*** The data Section Begins ***

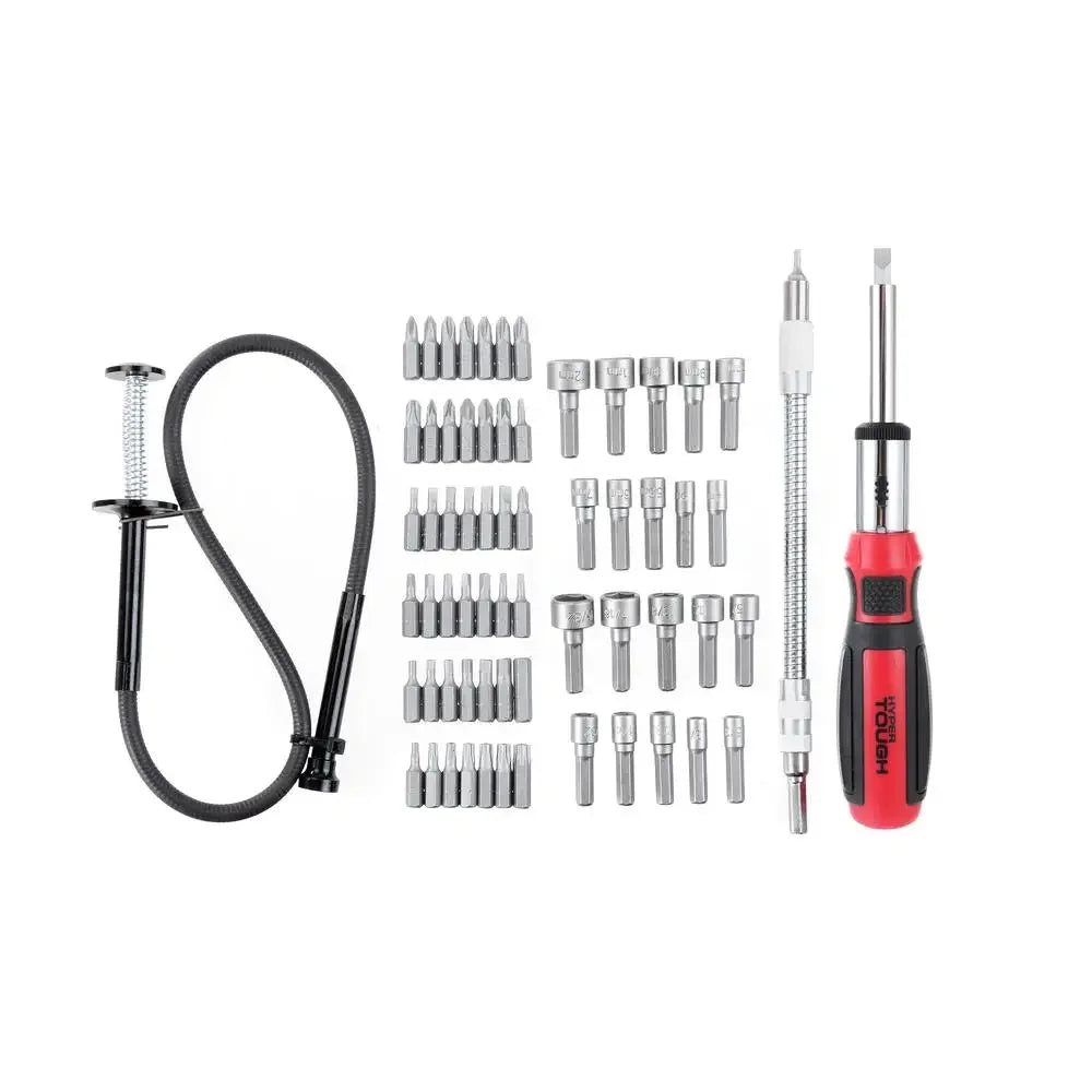 Complete numerous projects around the house and elsewhere using the Hyper Tough 67-Piece Ratcheting Screwdriver Set with Flex Magnetic Retriever.  It's a versatile kit that contains a variety of interchangeable screwdriver bits, as well as nut drivers that fit the...View more
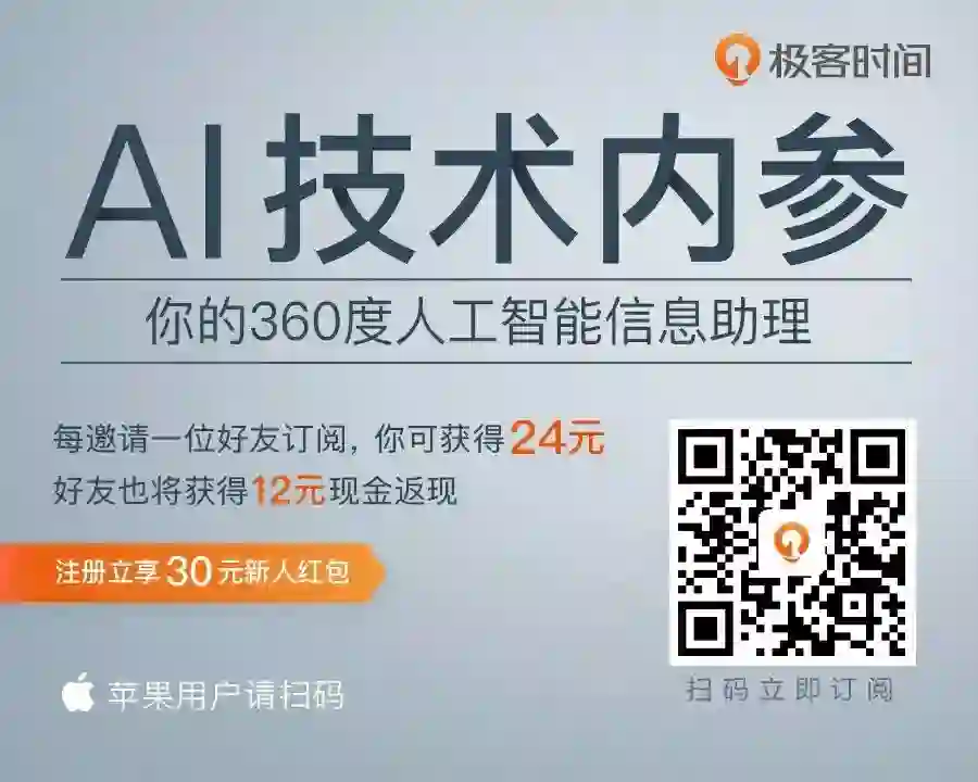 福利二:每邀请一位好友购买,你可获得 24 元现金返现,好友可得 12 元现金返现,多邀多得,上不封顶,立即提现(提现流程:极客时间服务号 - 我的 - 现金奖励提现)
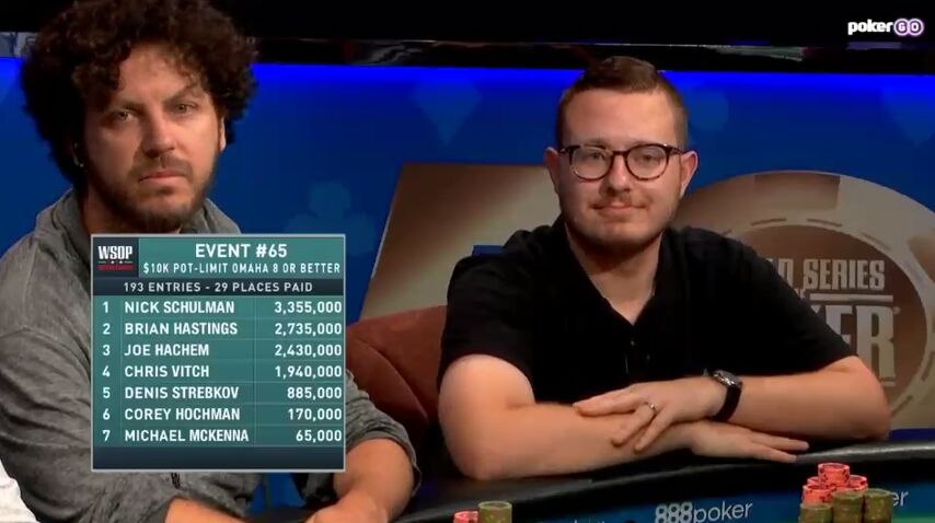 Среди оппонентов Шульмана по финальному столу был Денис «Адреналин» Стребков. Подняться выше четвёртого места не удалось, но присутствие Дениса было заметным. В студии PokerGO отметили его глубокий бас и даже предположили, что он выиграл российскую версию шоу «Голос». Ник Шульман отметил творческую раздачу, в которой они с Денисом по очереди взрывали друг другу мозг. Наверное, хэдз-ап между этими игроками украсил бы турнир, но вмешался Брайан Гастингс, не растерявший за время супружеской жизни умение доминировать в олл-инах. Заметно похудевший, но всё равно круглолицый, с аккуратной стрижкой, в очках с тонкой оправой и с неизменной улыбкой на лице Гастингс каким-то образом вызвал у одного из комментаторов ассоциации с деятелями германского нацизма. Чувствуется, что испорченная репутация Брайана продолжает влиять на то, как его воспринимают в покерном мире.
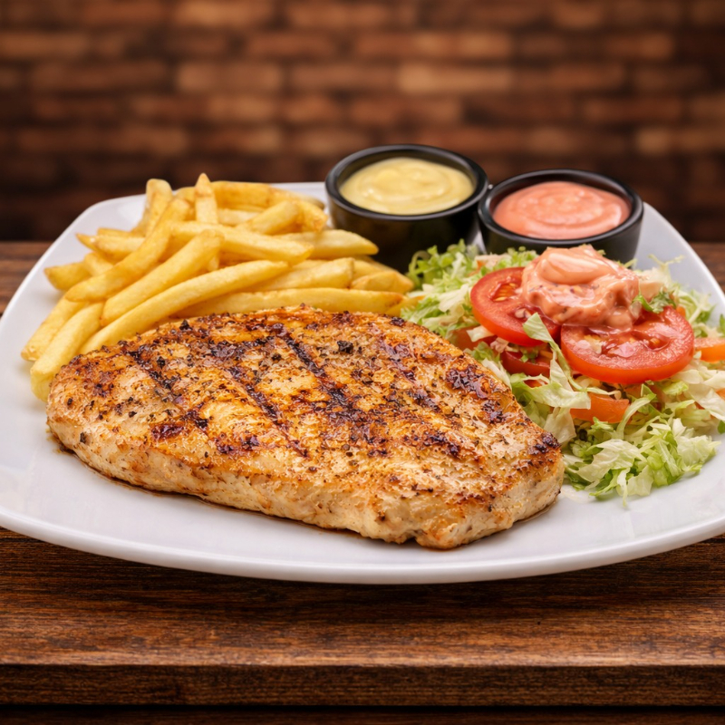 pechuga de pollo acompañada de papas a la francesa y ensalada
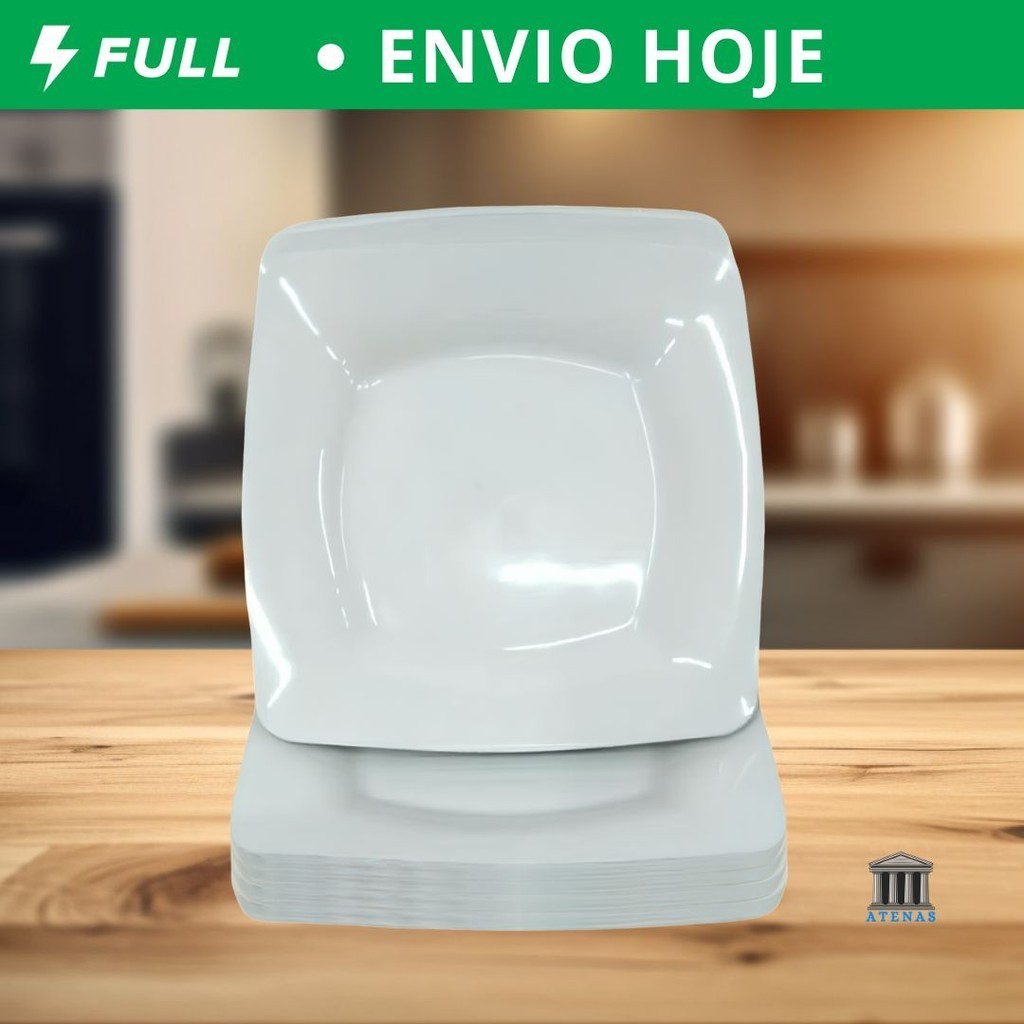Kit 50 Prato Raso com Borda Branco Refeição Churrasco Festa Pratos Plastico Quadrado Branco Preto
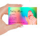 Cartões de visitas Manicuristas em lindas cores de fundo e mãos de senhoras com unhas feitas em um layout simples que você pode personalizar online para um profissional de tecnologia de pregos ou salões.
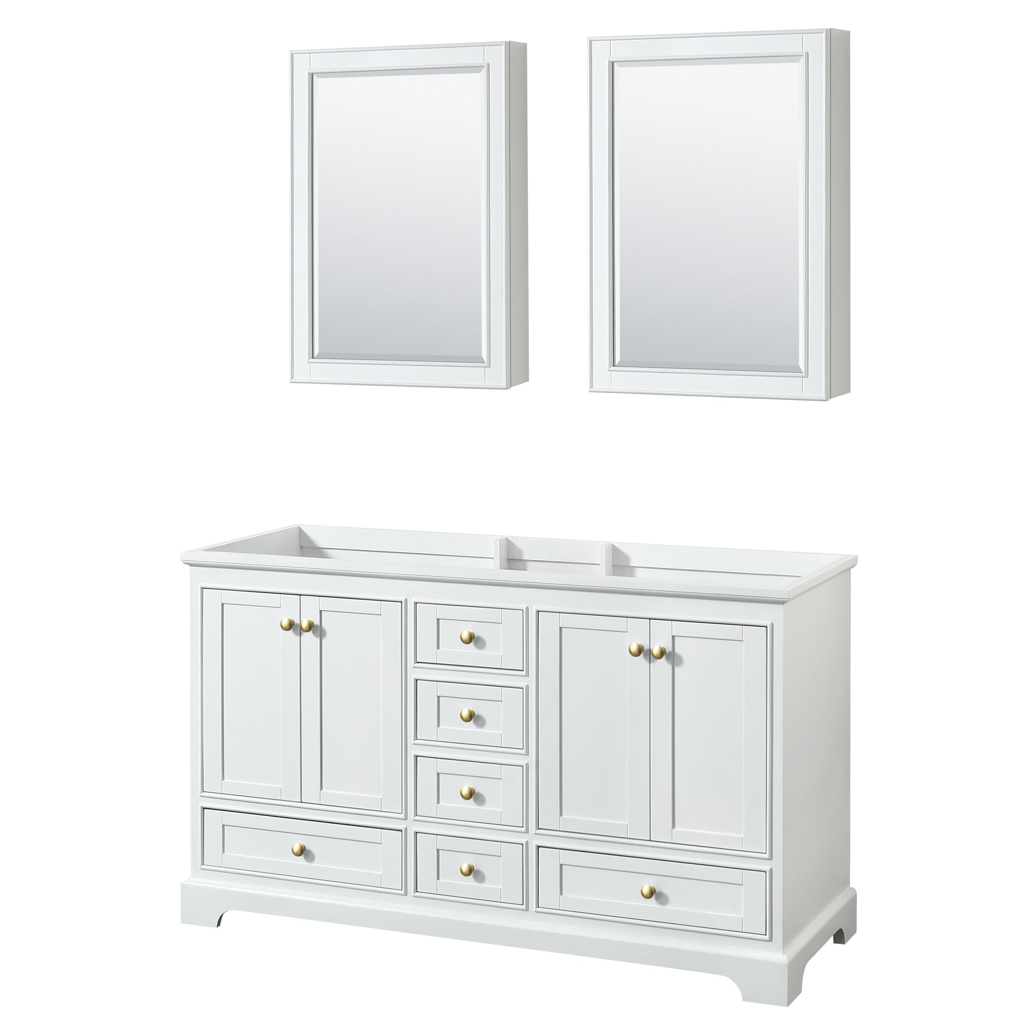 Wyndham Deborah 60 Inch Double Bathroom Vanity in White, No Countertop, No Sinks, Brushed Gold Trim, Medicine Cabinets
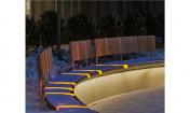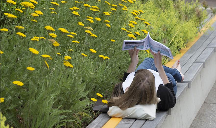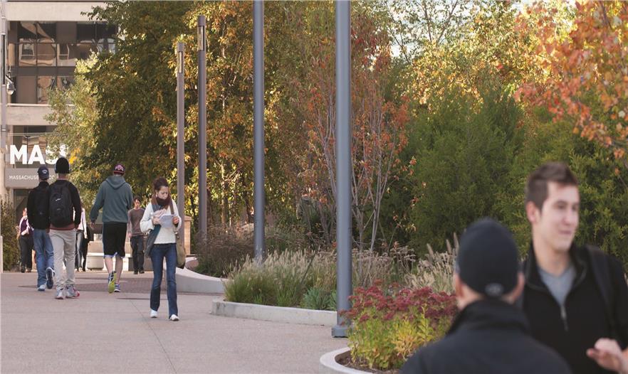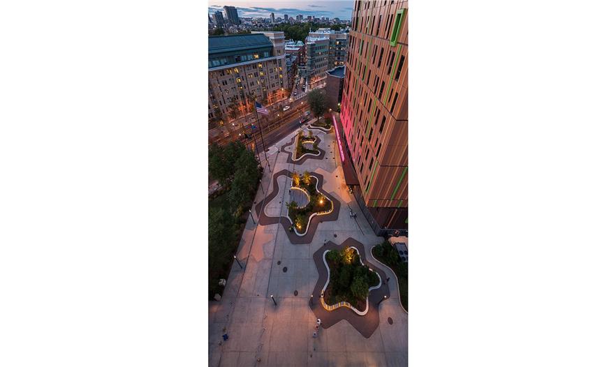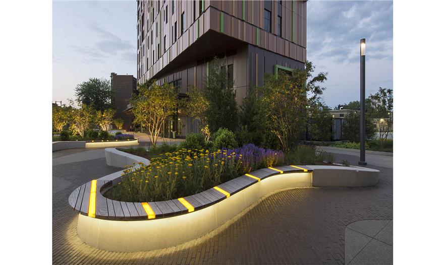 對于這個新學(xué)生宿舍,馬薩諸塞州藝術(shù)與設(shè)計學(xué)院利用景觀設(shè)計重塑其公眾認同,構(gòu)建新的學(xué)生生活中心,反映該學(xué)校的創(chuàng)意性設(shè)計。該景觀關(guān)注該學(xué)校作為該國家唯一一個公共藝術(shù)學(xué)校的地位,頗具實驗性但很隨意,讓學(xué)生感到舒適、自然。該景觀位于波士頓的藝術(shù)大道上,映襯街道的公共生活。該設(shè)計的指導(dǎo)原則是提供座位區(qū),但因藝術(shù)學(xué)校的背景,座椅式矮墻極具藝術(shù)感。座位蜿蜒曲折、波動起伏,分割區(qū)域,供個人、小群體、班級聚會使用。該區(qū)域的鋪裝圖案不管是從地面上還是學(xué)生住宅上看,其形狀都與附近花盆和木制長凳上五彩的燈條相呼應(yīng)。
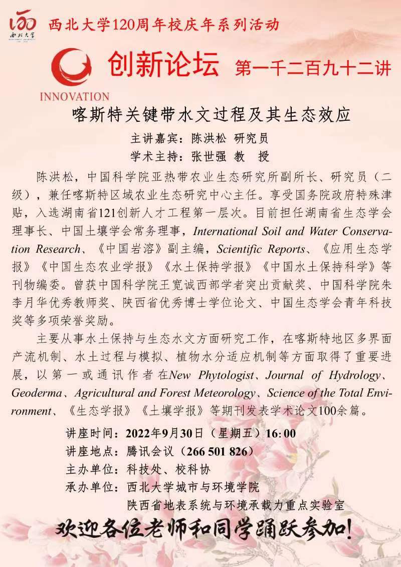 陈洪松 教授 BB平台创新论坛第一千二百九十二讲暨120周年校庆年系列活动: 喀斯特关键带水文过程及其生态效应 讲座时间 2022年9月30日(星期五) 16:00 讲座地点 腾讯会议 266 501 826 讲座人介绍 陈洪松 教授 讲座内容
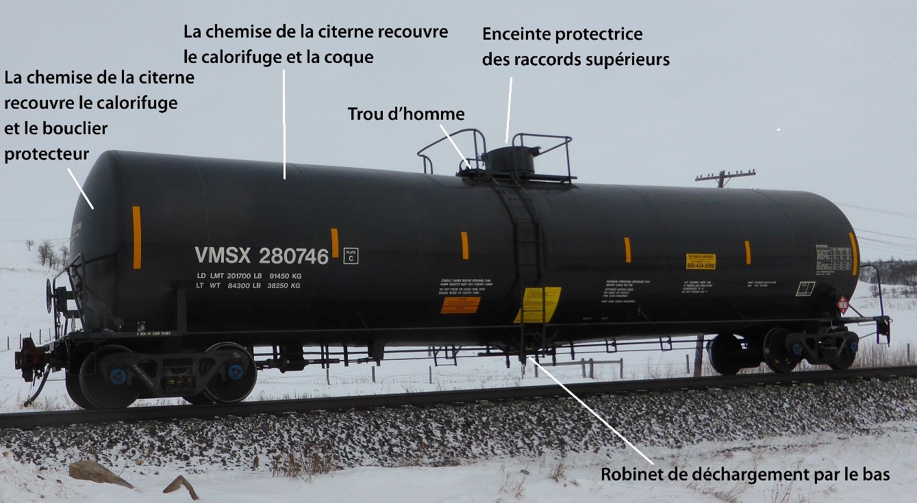 Tous les wagons-citernes de l’événement à l’étude étaient des wagons-citernes de catégorie 117R. Il s’agissait de wagons de catégorie 111 fabriqués conformément à la norme CPC-1232 de l’Association of American Railroads (AAR). Les wagons étaient équipés de chemises, de calorifuge et de boucliers protecteurs complets, et on leur avait installé en rattrapage des poignées de robinet de déchargement par le bas modifiées pour qu’ils soient conformes à la norme pour les wagons-citernes de catégorie DOT 117R. Plusieurs de ces caractéristiques semblent avoir influé sur la quantité de pétrole brut déversée lors de ce déraillement.
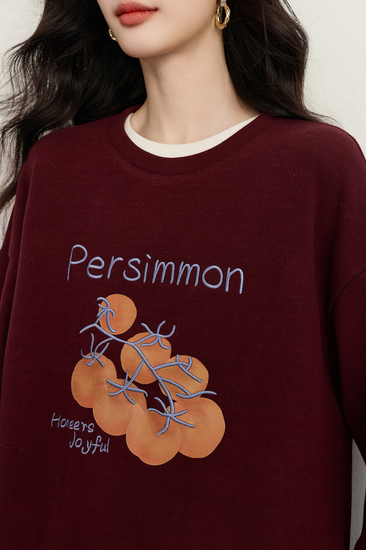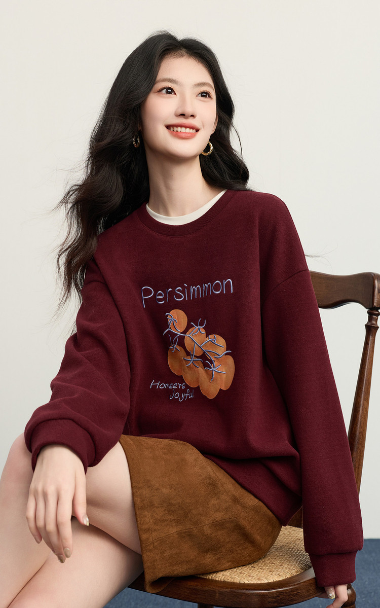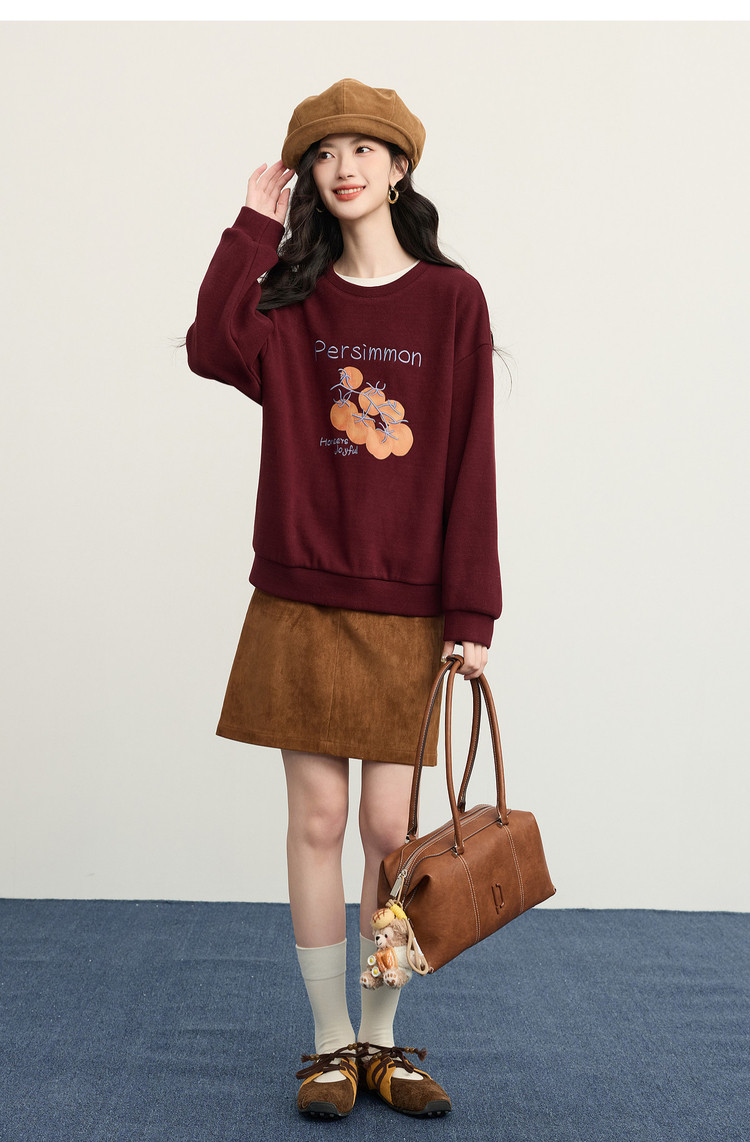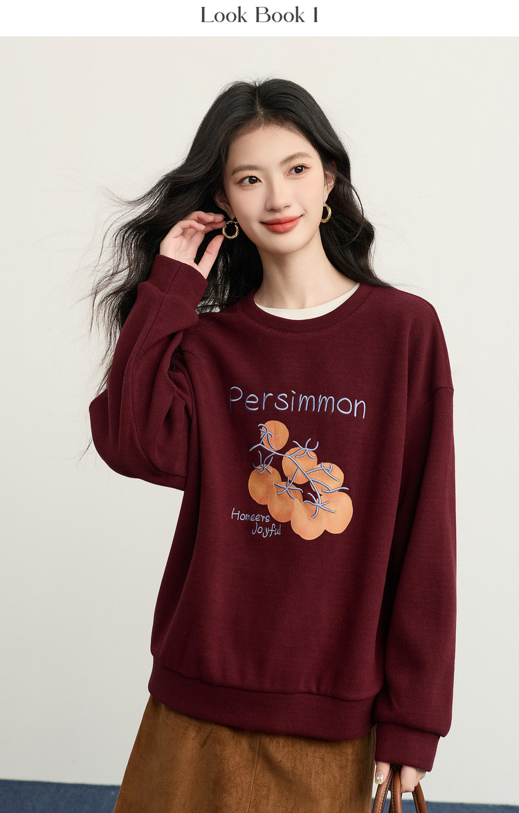 【12/31新品】熙世界【柿柿如意】印花加绒卫衣卫衣女款冬季加厚慵懒风圆领上衣

*** The data Section Ends ***

Problem details:
A word-for-word copy of all the data is required, minus the pictures.

Task result:
 Complete numerous projects around the house and elsewhere using the Hyper Tough 67-Piece Ratcheting Screwdriver Set with Flex Magnetic Retriever.  It's a versatile kit that contains a variety of interchangeable screwdriver bits, as well as nut drivers that fit the...View more
 福利二:每邀请一位好友购买,你可获得 24 元现金返现,好友可得 12 元现金返现,多邀多得,上不封顶,立即提现(提现流程:极客时间服务号 - 我的 - 现金奖励提现)
 Среди оппонентов Шульмана по финальному столу был Денис «Адреналин» Стребков. Подняться выше четвёртого места не удалось, но присутствие Дениса было заметным. В студии PokerGO отметили его глубокий бас и даже предположили, что он выиграл российскую версию шоу «Голос». Ник Шульман отметил творческую раздачу, в которой они с Денисом по очереди взрывали друг другу мозг. Наверное, хэдз-ап между этими игроками украсил бы турнир, но вмешался Брайан Гастингс, не растерявший за время супружеской жизни умение доминировать в олл-инах. Заметно похудевший, но всё равно круглолицый, с аккуратной стрижкой, в очках с тонкой оправой и с неизменной улыбкой на лице Гастингс каким-то образом вызвал у одного из комментаторов ассоциации с деятелями германского нацизма. Чувствуется, что испорченная репутация Брайана продолжает влиять на то, как его воспринимают в покерном мире.
 pechuga de pollo acompañada de papas a la francesa y ensalada
Kit 50 Prato Raso com Borda Branco Refeição Churrasco Festa Pratos Plastico Quadrado Branco Preto
 Cartões de visitas Manicuristas em lindas cores de fundo e mãos de senhoras com unhas feitas em um layout simples que você pode personalizar online para um profissional de tecnologia de pregos ou salões.
 Wyndham Deborah 60 Inch Double Bathroom Vanity in White, No Countertop, No Sinks, Brushed Gold Trim, Medicine Cabinets
 對于這個新學(xué)生宿舍,馬薩諸塞州藝術(shù)與設(shè)計學(xué)院利用景觀設(shè)計重塑其公眾認同,構(gòu)建新的學(xué)生生活中心,反映該學(xué)校的創(chuàng)意性設(shè)計。該景觀關(guān)注該學(xué)校作為該國家唯一一個公共藝術(shù)學(xué)校的地位,頗具實驗性但很隨意,讓學(xué)生感到舒適、自然。該景觀位于波士頓的藝術(shù)大道上,映襯街道的公共生活。該設(shè)計的指導(dǎo)原則是提供座位區(qū),但因藝術(shù)學(xué)校的背景,座椅式矮墻極具藝術(shù)感。座位蜿蜒曲折、波動起伏,分割區(qū)域,供個人、小群體、班級聚會使用。該區(qū)域的鋪裝圖案不管是從地面上還是學(xué)生住宅上看,其形狀都與附近花盆和木制長凳上五彩的燈條相呼應(yīng)。
 陈洪松 教授 BB平台创新论坛第一千二百九十二讲暨120周年校庆年系列活动: 喀斯特关键带水文过程及其生态效应 讲座时间 2022年9月30日(星期五) 16:00 讲座地点 腾讯会议 266 501 826 讲座人介绍 陈洪松 教授 讲座内容
 Tous les wagons-citernes de l’événement à l’étude étaient des wagons-citernes de catégorie 117R. Il s’agissait de wagons de catégorie 111 fabriqués conformément à la norme CPC-1232 de l’Association of American Railroads (AAR). Les wagons étaient équipés de chemises, de calorifuge et de boucliers protecteurs complets, et on leur avait installé en rattrapage des poignées de robinet de déchargement par le bas modifiées pour qu’ils soient conformes à la norme pour les wagons-citernes de catégorie DOT 117R. Plusieurs de ces caractéristiques semblent avoir influé sur la quantité de pétrole brut déversée lors de ce déraillement.
 【12/31新品】熙世界【柿柿如意】印花加绒卫衣卫衣女款冬季加厚慵懒风圆领上衣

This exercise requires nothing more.